Forex market happens to be the largest and most liquid market of the world having a turnover of trillion dollars a day.

Forex trading is the currency trade and buying the currency of one nation while at the same time selling the other nation’s currency. Due to globalization, majority of the countries have weak hold on the money exchange rates that has resulted in the liquidity of the market. The forex market is open 24 hours a day and that allows anyone from anywhere in the world to trade any currency.

It was in the early 70s when currencies took the form of a financial product that could also be traded. The main reason for this is the lifting of the gold standard of the currency and marking them as free-floating currency. Then later in the early 80s, the forex market became well established with the increased movement of people and currencies across the border.

For the individual trader, the market reached new heights when online currency trading was introduced on the internet. London and New York hold important position of the largest trading currency cities and this comes from their geographical positioning. There are no centralized exchanges in forex trades but over the counter which are called OTC via broker and dealer interaction.

High-speed electronic communication networks are needed for over the counter trading along with trading systems and ECNs. There are both online, web based or broker side forex platforms amongst the forex trading systems. There are also client side or direct access or stand-alone in the forex trading platforms.

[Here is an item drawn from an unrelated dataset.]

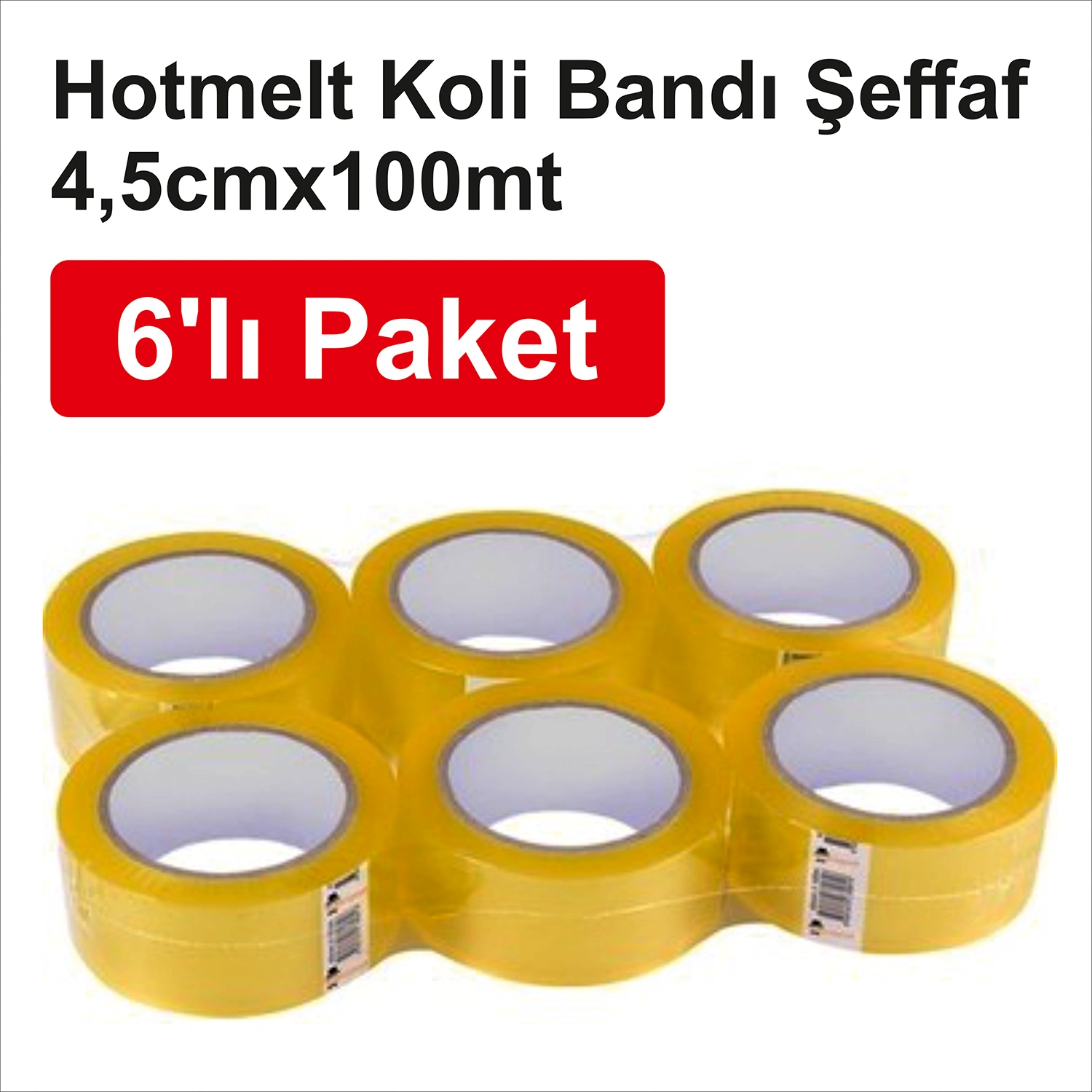 Holtmelt Koli Bandı Şeffaf 4,5 cm × 100 mt (6’lı Paket)

The first one is used by the forex investors and those who are not really active forex traders and short-term active traders like forex day traders use the second option.

There are total five major currencies present in the forex market and these are the US Dollar, British Pound, Japanese Yen, Euro and the Swiss Franc. There are different currency pairs like USD/JPY, EUR/USD etc. and forex is done in currency pairs. Combined together all of these currencies comprise for over 70% of the forex trades. The introduction of euro in the forex market was quite a major event and now the development of two Asian countries China and India as economic powers has also been quite an important event.

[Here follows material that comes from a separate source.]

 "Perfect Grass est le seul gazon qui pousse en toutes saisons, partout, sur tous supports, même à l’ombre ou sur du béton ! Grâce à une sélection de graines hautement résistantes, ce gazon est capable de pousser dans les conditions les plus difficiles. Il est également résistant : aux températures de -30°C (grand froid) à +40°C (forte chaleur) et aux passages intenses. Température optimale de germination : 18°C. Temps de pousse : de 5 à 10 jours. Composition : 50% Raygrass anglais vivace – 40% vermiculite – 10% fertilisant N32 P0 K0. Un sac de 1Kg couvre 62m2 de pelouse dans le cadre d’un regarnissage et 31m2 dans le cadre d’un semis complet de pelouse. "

Some large banks happen to be the biggest beneficiaries of the money market and 80% of the forex trades are carried out by banks. According to an estimate, major banks deposit around 30% of their money in the forex market and then make about 45% of their profit with the help of this market. A large number of forex brokerages help the individuals to make profit by forex trade. There is lot of risk involved in the forex trade and the currency interest rates are always changing both ways as well.